Красная - красная нить (СИ) - Страница 167
Через несколько минут дали импульс, и мы отчётливо увидели, как оба тела под коронами дёрнулись, затем снова и снова, а после тело взрослого обмякло и упало на пол. Его тут же быстро отсоединили и унесли взявшиеся непонятно откуда люди. С голов подростков люди в белых костюмах снимали короны из проводов. Те открывали глаза. Щурились на свет. Пробовали свои руки и ноги, отвечают ли… Словно сомневались в этом. И совершенно не узнавали друг друга, хотя до инициации я мог бы поклясться, что эти парень и девушка – возлюбленные.
«Ты понимаешь? – шептал Джерард рядом, затравленно оглядываясь по сторонам. – Понимаешь, что они сделают с нами?!» Его пальцы впивались в мою ладонь до боли, едва не оставляя кровоточащие ссадины. Кажется, мы были единственными в заполненном салоне лётного средства, кого странности инициации заботили. Все взволнованно щебетали о возможности стать, наконец, самостоятельными и войти во взрослый мир. Как это происходит на металлическом острове из переплетенных мостов – никого не волновало…
Я и сам плохо понимал во сне, но сейчас тянущее, противное ощущение поднялось, точно рыбина со дна.
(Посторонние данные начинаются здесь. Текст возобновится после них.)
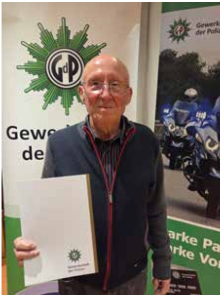
Überreichung der Jubiläumsurkunde zur 60-jährigen Mitgliedschaft in der GdP

Weiterhin war ihm folgender Satz wichtig: „Unseren Politikern sei gesagt, dass die heutige Polizei die demokratischste ist, die Deutschland je hatte. Dies
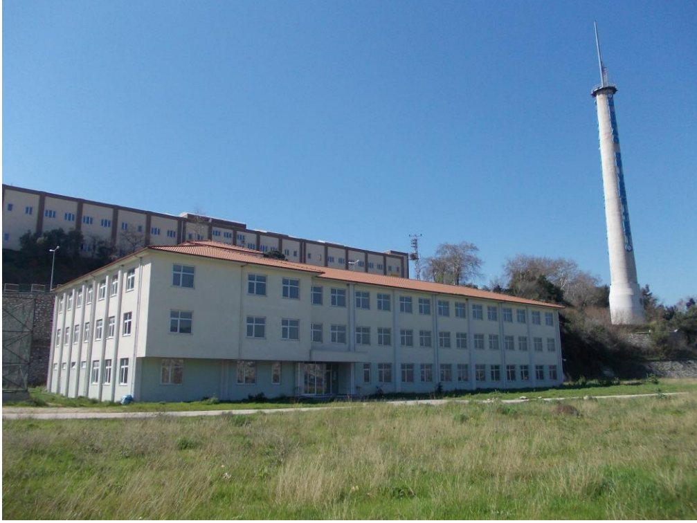
Hukuk Fakültesi Eđitim Binası( DYO) Kasım 2011 (Gemlik Belediyesi'nce hibe edilmiştir)

Eđitim Binası; Fakültemize geçici olarak, iki derslik, üç Asistan odası, üç öğrenci temsilciliđi ve topluluklar odası ile iki öğretim üyesi odası kullanılmaktadır.(500 m2)
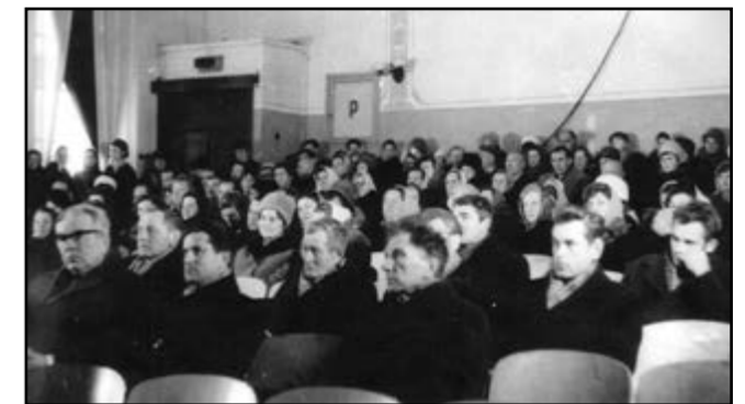
Ariogalos vaistinės šimtmečio minėjimo dalyviai kinoteatre „Dubisa“ salėje. 1966.12.17.

1966 m. gruodžio 17 d. iškilmingai buvo pažymėtas Ariogalos vaistinės įsteigimo 100-čio jubiliejus. Ta proga
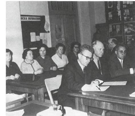
Коллектив кафедры истории КПСС. 1977 г.

В 2012, 2013 и 2014 гг. кафедра занимала 1 место в рейтинге НИУ «МЭИ» среди кафедр третьей группы. С внедрением информационной системы РУР-ПКР (СТИМ) все преподаватели кафедры являются эффективными: средний балл СТИМ каждого НПП равен или
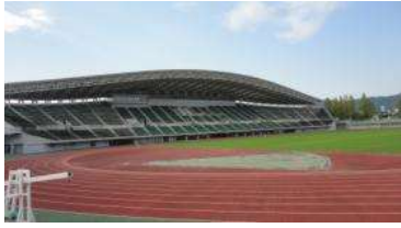
陸上競技場 メインスタンド (総合グラウンド)
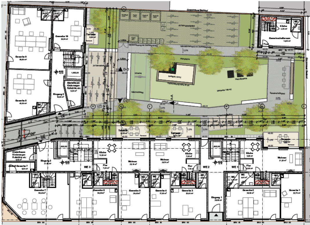
Langhansstraße 28, Roelckestr. 9, 9A: Grundriss 1. Obergeschoss Bildquelle: Bollinger + Fehlig Architekten GmbH
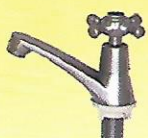
Y 319 CU 1/2" : 75 / 5
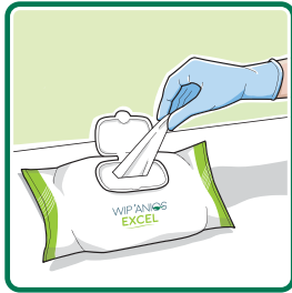
Prendre une lingette
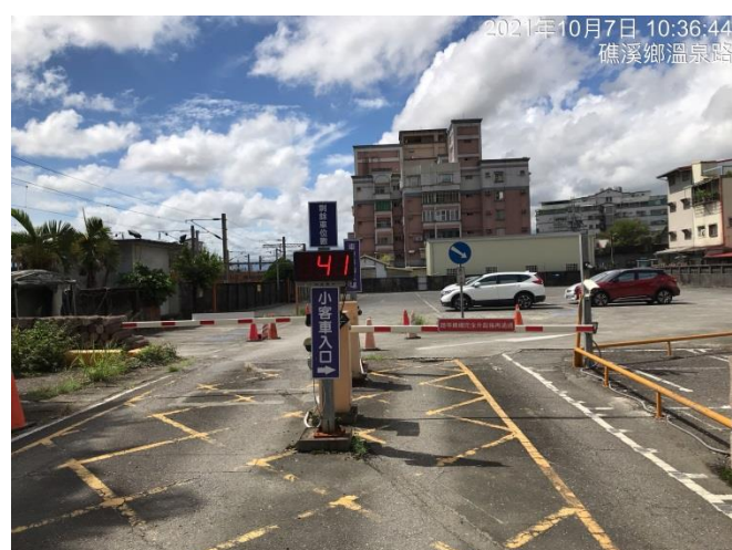
照片一(入口處及出口處)
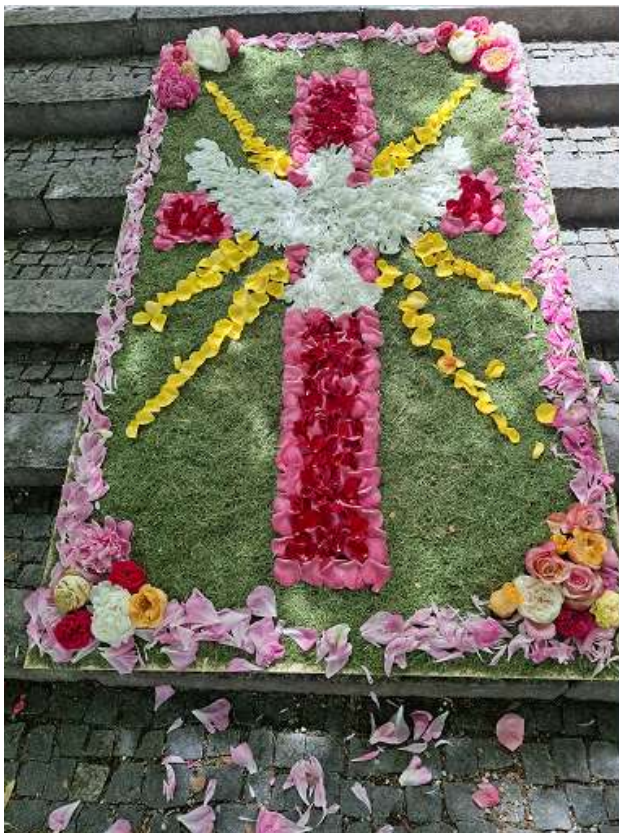
Blumenteppeich vor St. Laurentius
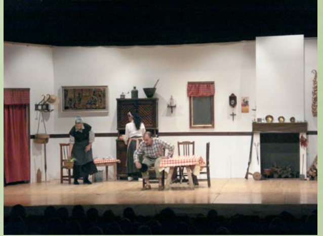
Grupo de teatro de la Asociación Cultural 4 Esquinas de la Gineta.
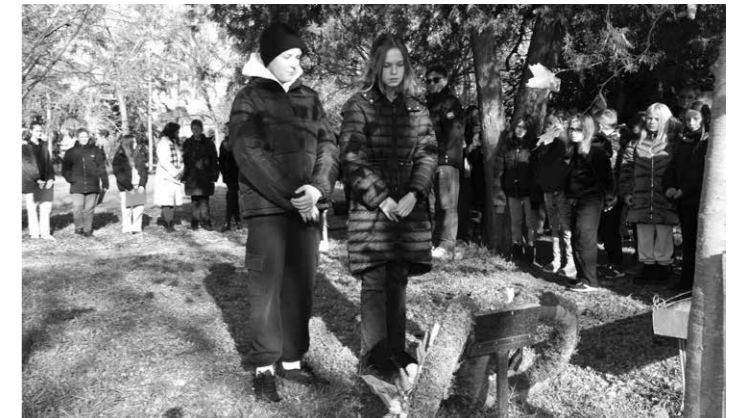
Emlékműsorral és koszorúzással emlékeztünk novemberben a Málénkij robot áldozataira.
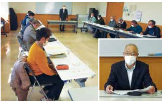
▲理事研修会の様子
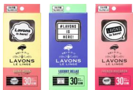
クルマ用フレグランス ゲルタイプ
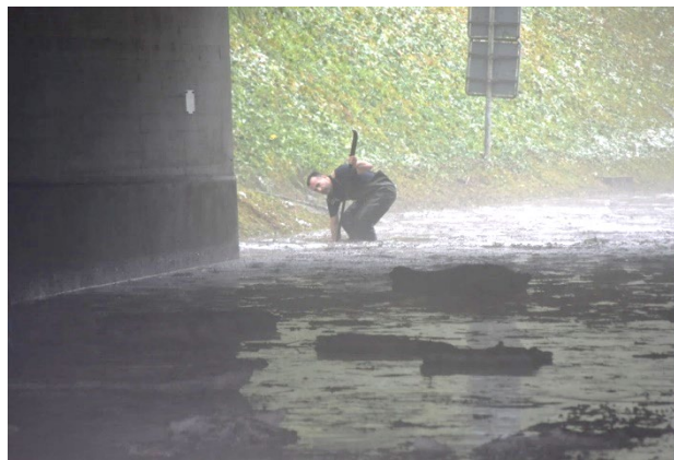
Fig. 2: Sottopasso Grancia

Il Consorzio è stato molto sollecitato per assicurare la vuotatura delle camere di ritenzione e la messa in atto di una serie di interventi di messa in sicurezza. Nei giorni successivi gli eventi, si è provveduto a rilevare, quantificare i danni alle infrastrutture e poi, si è proceduto all'esecuzione dei lavori di ripristino.

Подростки, так быстро поменявшие свой восторженный любопытный взгляд на опытный и безразличный – взрослый. Потерявшие сознание сопровождающие. Тела, что скармливали океану с фиолетовыми водами… Сейчас всё сложилось одно к одному. И я до сих пор отчётливо помнил испуганный и при этом полный решимости взгляд Джерарда и его дрожащую ладонь в моей руке. Мы не хотели туда. Мы не хотели впускать чужие сознания в наши тела…
И хотя у моего сна не было никакого конца – я проснулся раньше, возможно, не в силах досмотреть концовку, я отчётливо знал, как мы поступим. Беседки были открытыми, а несколько секунд свободного полёта в неизвестность пугали меньше, чем возможность стать очередным телом для кого-то.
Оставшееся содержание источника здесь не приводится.